ABOUT THIS TASK: Reproduce exactly the lines below, from the first through the one containing "Figure 12 presents", and nothing more.

----

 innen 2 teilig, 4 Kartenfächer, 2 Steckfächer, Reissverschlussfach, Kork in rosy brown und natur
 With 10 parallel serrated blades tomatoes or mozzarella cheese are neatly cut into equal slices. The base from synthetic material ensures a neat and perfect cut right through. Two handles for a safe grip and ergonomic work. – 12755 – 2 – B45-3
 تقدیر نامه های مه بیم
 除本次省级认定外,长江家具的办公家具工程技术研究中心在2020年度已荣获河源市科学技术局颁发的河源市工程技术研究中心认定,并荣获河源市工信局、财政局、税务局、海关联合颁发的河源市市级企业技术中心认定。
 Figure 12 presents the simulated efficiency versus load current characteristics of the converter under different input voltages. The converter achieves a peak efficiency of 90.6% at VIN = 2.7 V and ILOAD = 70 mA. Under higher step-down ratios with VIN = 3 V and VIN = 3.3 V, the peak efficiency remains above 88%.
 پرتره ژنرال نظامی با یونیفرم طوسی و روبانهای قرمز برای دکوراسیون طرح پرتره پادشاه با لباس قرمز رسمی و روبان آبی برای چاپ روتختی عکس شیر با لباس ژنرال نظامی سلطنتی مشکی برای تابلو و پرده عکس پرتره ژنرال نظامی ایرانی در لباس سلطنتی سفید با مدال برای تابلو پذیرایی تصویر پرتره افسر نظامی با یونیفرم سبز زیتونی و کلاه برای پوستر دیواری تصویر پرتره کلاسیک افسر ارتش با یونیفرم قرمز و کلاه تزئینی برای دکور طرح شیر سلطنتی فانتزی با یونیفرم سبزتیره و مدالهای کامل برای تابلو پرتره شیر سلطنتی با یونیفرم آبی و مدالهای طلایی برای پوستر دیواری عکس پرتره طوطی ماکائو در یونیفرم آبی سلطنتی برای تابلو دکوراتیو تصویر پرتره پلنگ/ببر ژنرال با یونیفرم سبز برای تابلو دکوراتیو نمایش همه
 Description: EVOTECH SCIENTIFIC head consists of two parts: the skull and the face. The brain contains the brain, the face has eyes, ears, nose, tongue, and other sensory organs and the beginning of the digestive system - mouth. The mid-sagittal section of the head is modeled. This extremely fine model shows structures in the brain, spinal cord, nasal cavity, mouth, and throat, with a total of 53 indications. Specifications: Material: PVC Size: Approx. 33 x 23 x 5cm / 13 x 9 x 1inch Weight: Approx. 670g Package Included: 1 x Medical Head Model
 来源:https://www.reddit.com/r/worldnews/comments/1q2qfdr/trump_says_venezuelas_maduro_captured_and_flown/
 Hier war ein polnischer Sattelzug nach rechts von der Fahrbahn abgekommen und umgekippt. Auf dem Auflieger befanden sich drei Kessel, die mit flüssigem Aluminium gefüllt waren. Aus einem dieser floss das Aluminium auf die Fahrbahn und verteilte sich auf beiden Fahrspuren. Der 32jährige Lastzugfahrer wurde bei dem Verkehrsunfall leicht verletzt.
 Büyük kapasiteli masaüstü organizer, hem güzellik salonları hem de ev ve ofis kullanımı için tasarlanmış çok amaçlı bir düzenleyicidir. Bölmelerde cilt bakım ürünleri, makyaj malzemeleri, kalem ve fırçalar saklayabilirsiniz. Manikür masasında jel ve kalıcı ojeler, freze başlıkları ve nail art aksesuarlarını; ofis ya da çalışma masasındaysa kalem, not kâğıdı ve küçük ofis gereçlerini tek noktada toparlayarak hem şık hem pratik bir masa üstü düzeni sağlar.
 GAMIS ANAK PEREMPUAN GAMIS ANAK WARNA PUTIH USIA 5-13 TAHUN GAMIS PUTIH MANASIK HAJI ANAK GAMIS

----

EXERCISE SOLUTION:
 innen 2 teilig, 4 Kartenfächer, 2 Steckfächer, Reissverschlussfach, Kork in rosy brown und natur
 With 10 parallel serrated blades tomatoes or mozzarella cheese are neatly cut into equal slices. The base from synthetic material ensures a neat and perfect cut right through. Two handles for a safe grip and ergonomic work. – 12755 – 2 – B45-3
 تقدیر نامه های مه بیم
 除本次省级认定外,长江家具的办公家具工程技术研究中心在2020年度已荣获河源市科学技术局颁发的河源市工程技术研究中心认定,并荣获河源市工信局、财政局、税务局、海关联合颁发的河源市市级企业技术中心认定。
 Figure 12 presents the simulated efficiency versus load current characteristics of the converter under different input voltages. The converter achieves a peak efficiency of 90.6% at VIN = 2.7 V and ILOAD = 70 mA. Under higher step-down ratios with VIN = 3 V and VIN = 3.3 V, the peak efficiency remains above 88%.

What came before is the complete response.